▶ _DATA FOR THIS TASK_
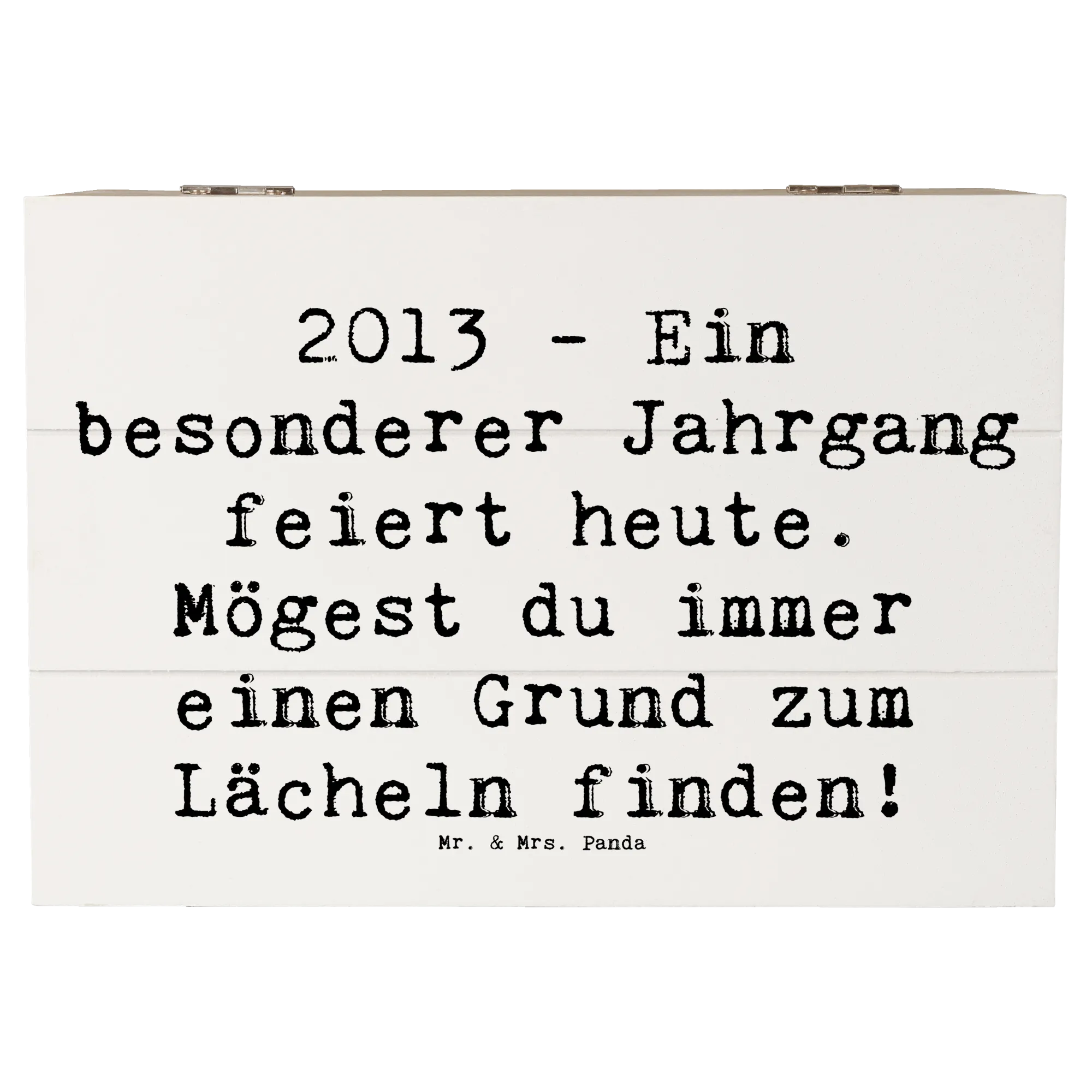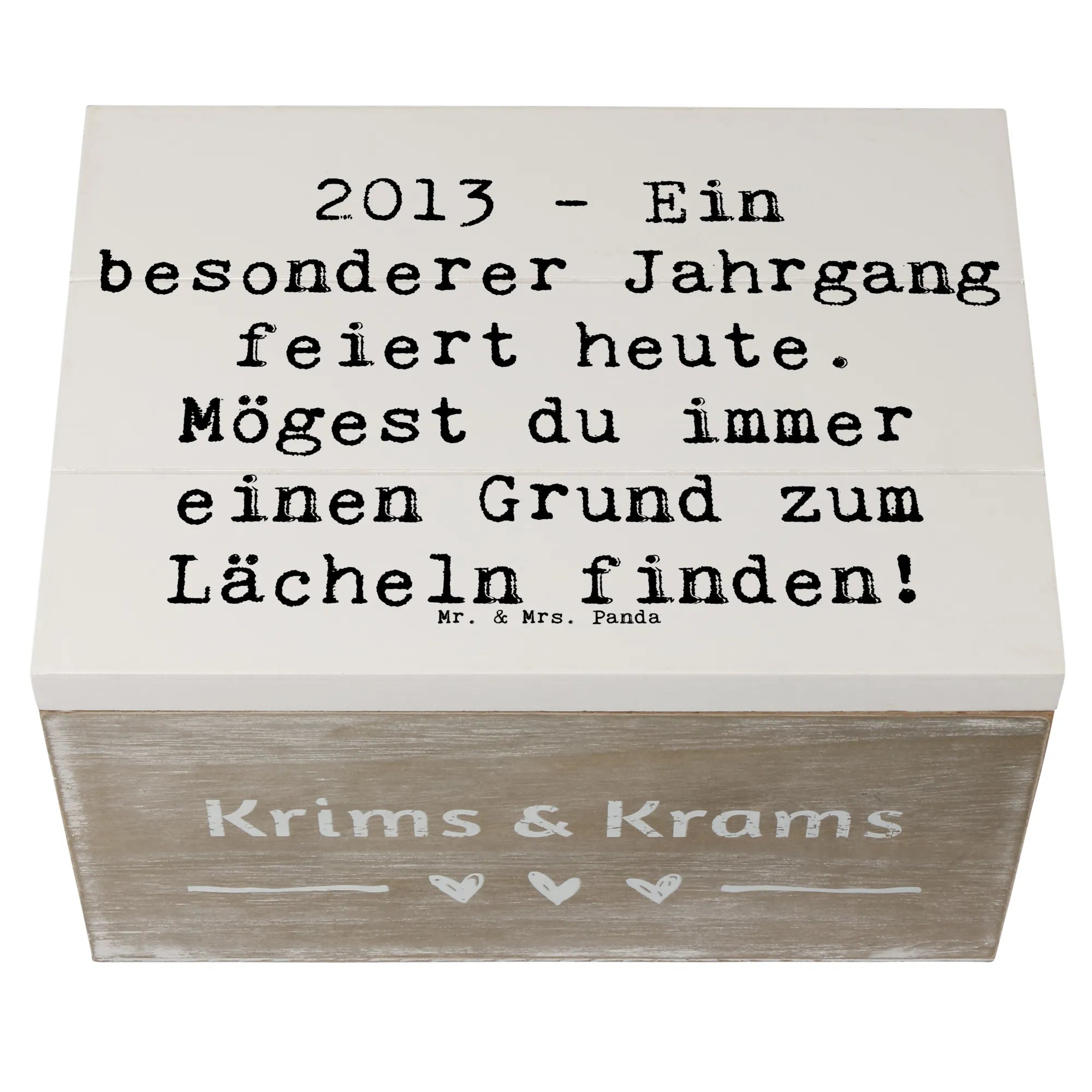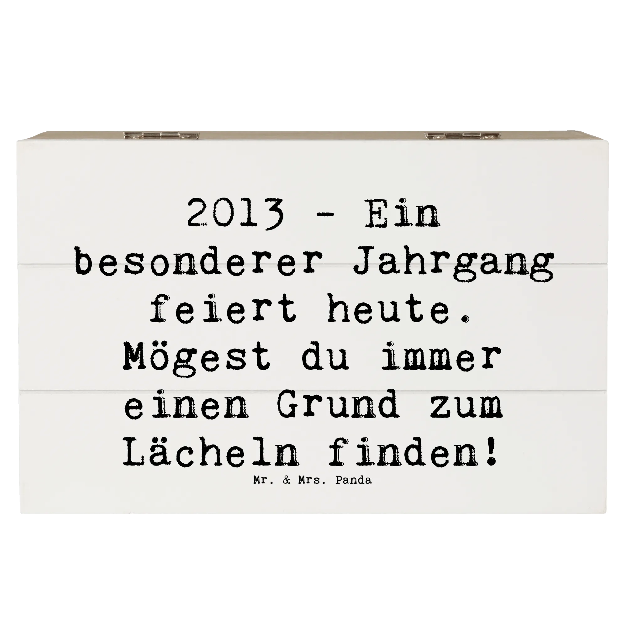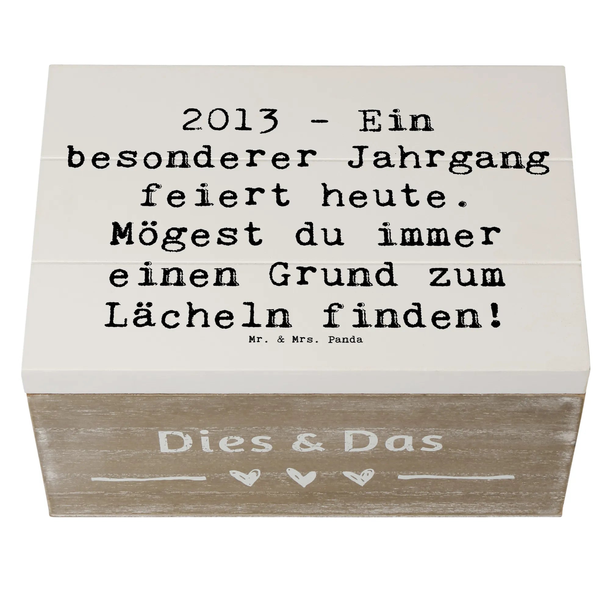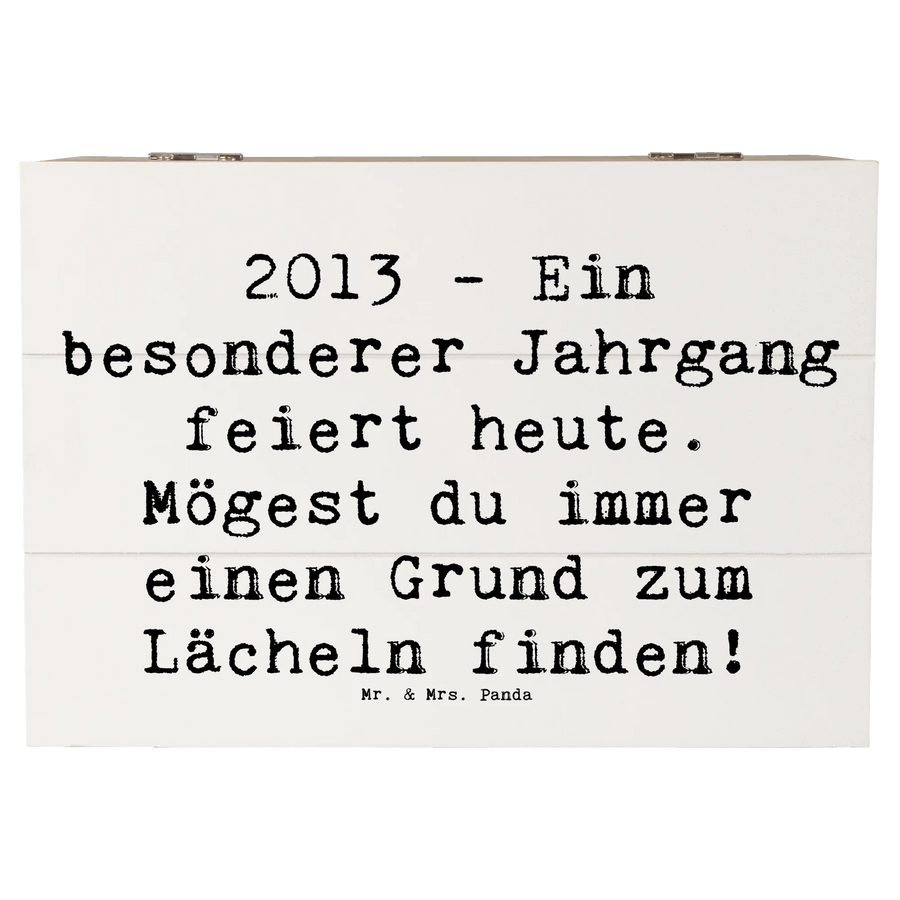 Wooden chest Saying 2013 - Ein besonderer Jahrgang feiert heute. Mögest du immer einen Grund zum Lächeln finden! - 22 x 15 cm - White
--
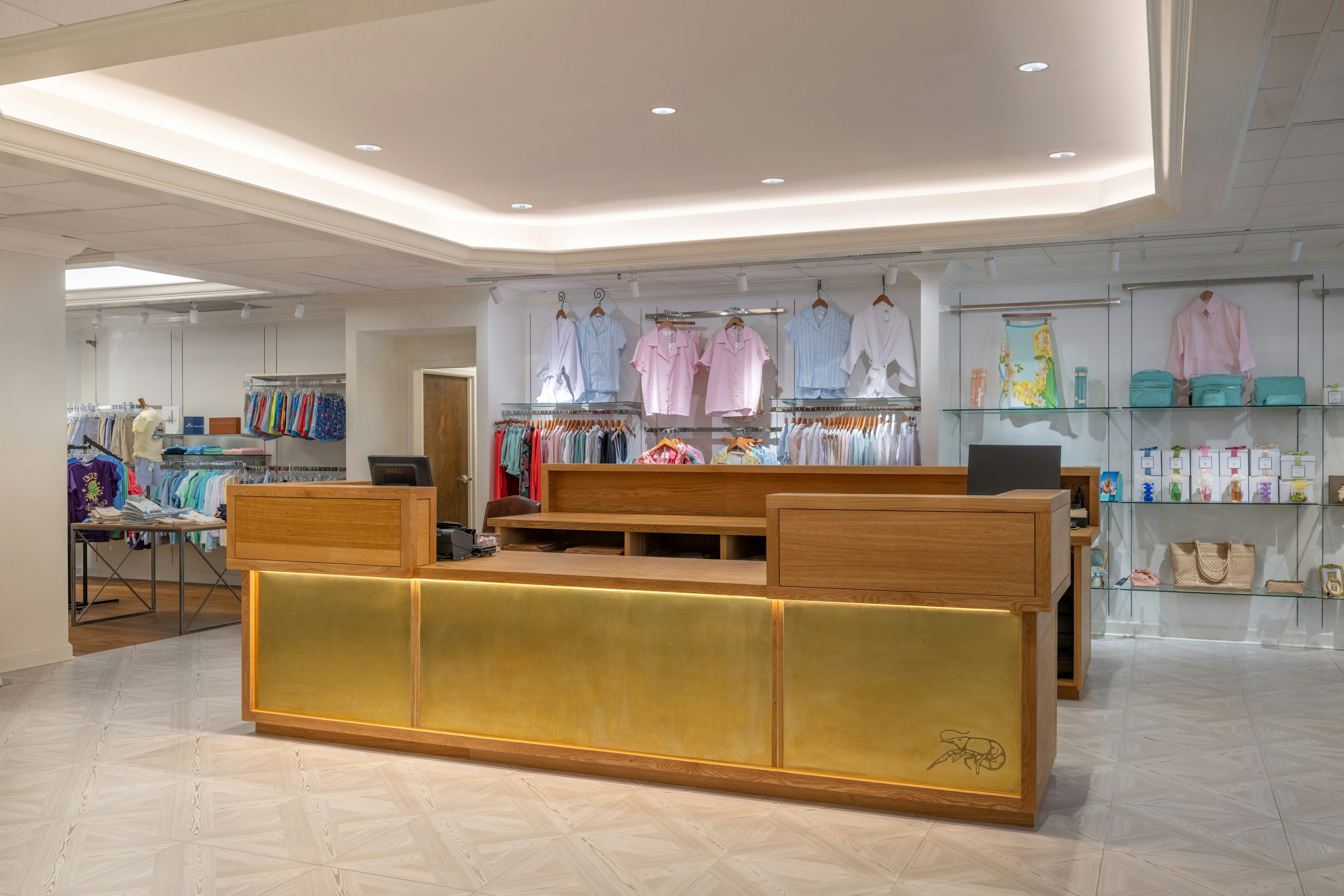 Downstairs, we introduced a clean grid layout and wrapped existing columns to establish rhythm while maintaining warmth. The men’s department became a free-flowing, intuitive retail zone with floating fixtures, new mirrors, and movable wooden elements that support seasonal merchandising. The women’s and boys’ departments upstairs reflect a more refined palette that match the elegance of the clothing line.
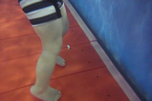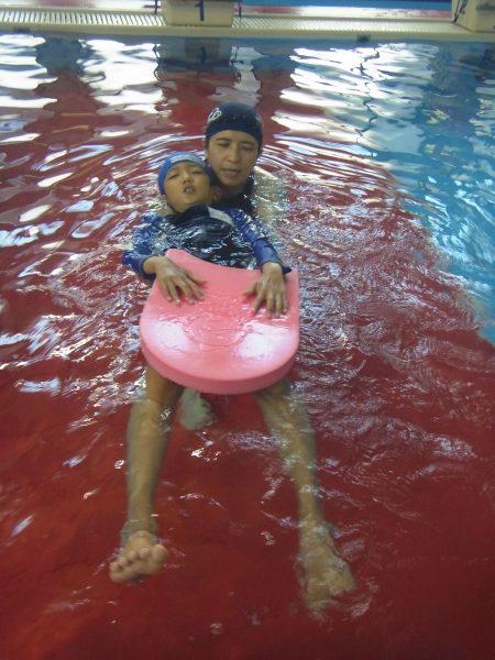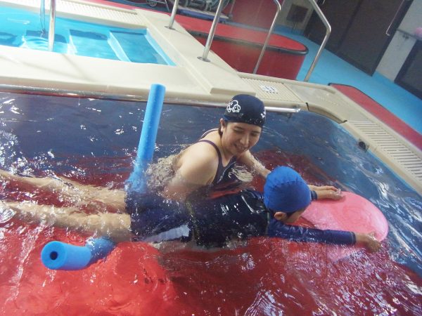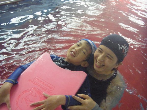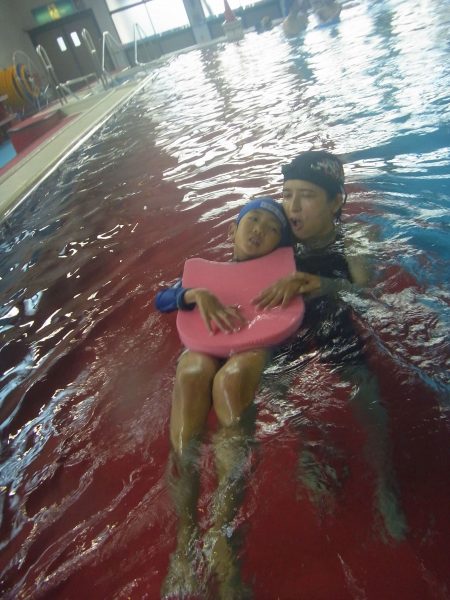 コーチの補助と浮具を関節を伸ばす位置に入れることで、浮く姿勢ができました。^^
...
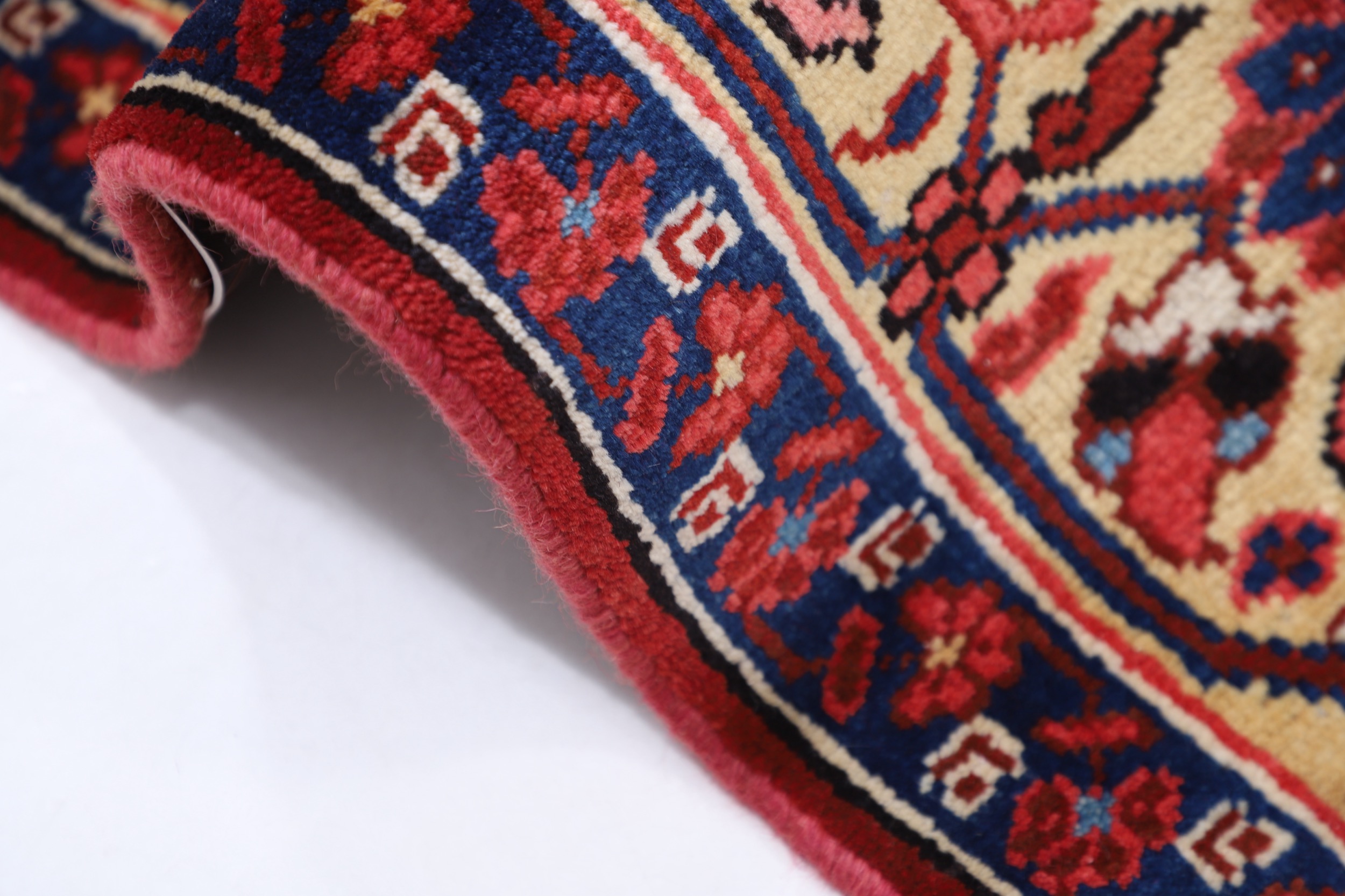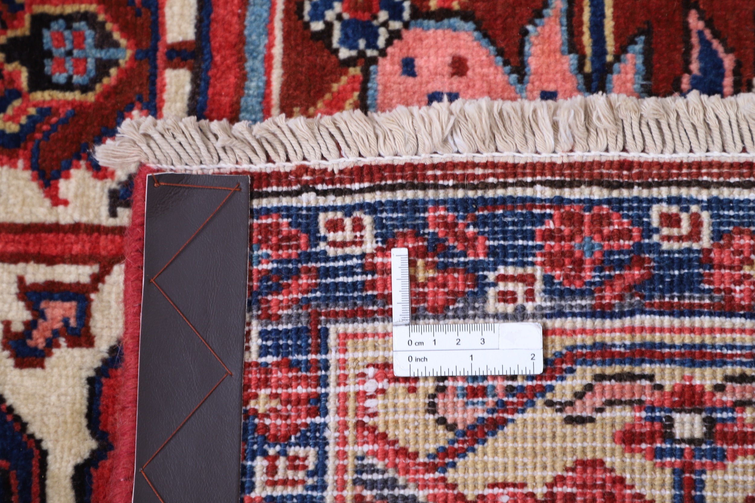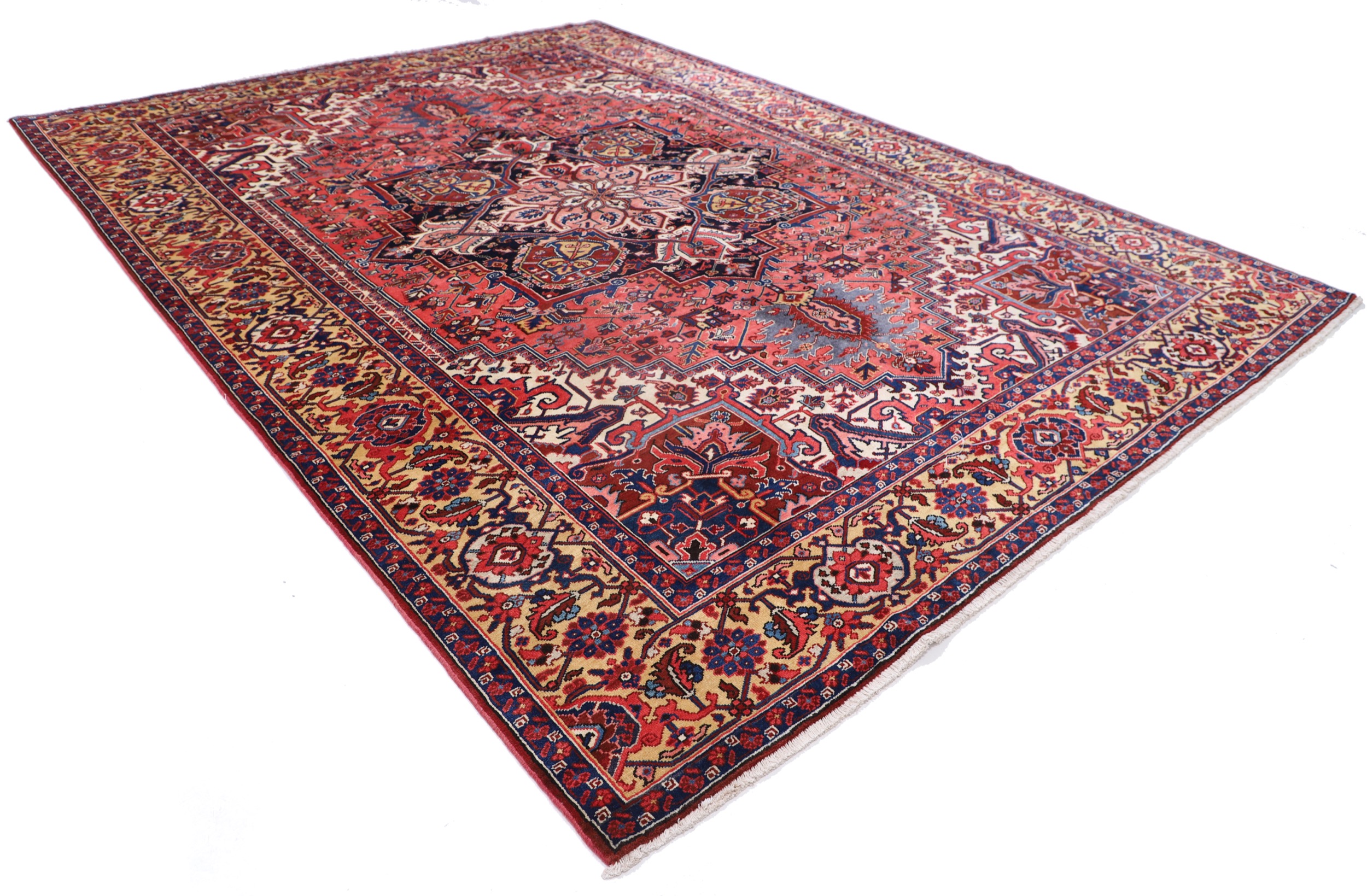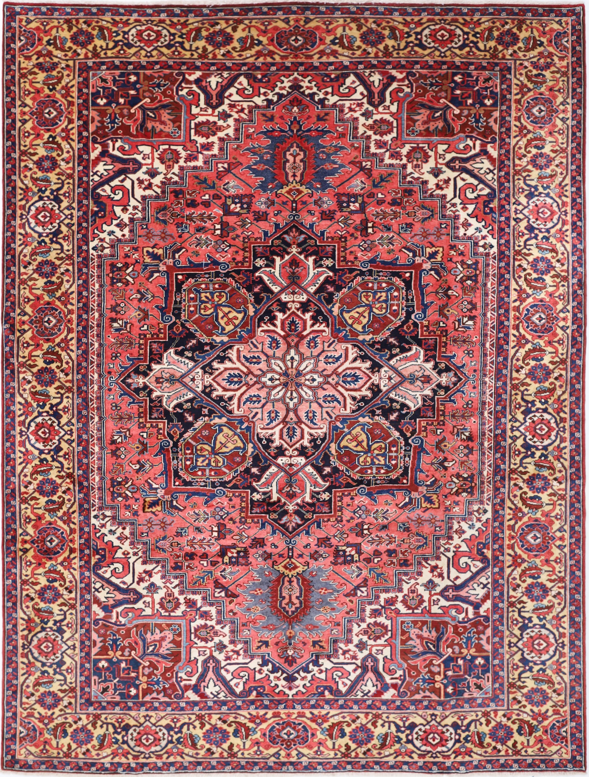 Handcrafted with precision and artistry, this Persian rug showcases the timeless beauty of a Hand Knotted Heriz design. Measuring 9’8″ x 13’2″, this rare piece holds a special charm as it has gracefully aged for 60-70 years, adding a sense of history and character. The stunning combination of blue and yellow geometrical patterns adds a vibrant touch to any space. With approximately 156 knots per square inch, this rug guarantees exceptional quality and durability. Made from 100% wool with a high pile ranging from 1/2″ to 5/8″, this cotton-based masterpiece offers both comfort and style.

▶ _WHAT THE TASK REQUIRES_
In the listing above, find the line containing "Downstairs, we introduced" and the line containing "コーチの補助と浮具を関節を伸ばす位置に入れることで、浮く姿勢ができました。^^". Print those two lines and every line between them exactly, with no pictures.

▶ _ANSWER BOX_
 Downstairs, we introduced a clean grid layout and wrapped existing columns to establish rhythm while maintaining warmth. The men’s department became a free-flowing, intuitive retail zone with floating fixtures, new mirrors, and movable wooden elements that support seasonal merchandising. The women’s and boys’ departments upstairs reflect a more refined palette that match the elegance of the clothing line.
 コーチの補助と浮具を関節を伸ばす位置に入れることで、浮く姿勢ができました。^^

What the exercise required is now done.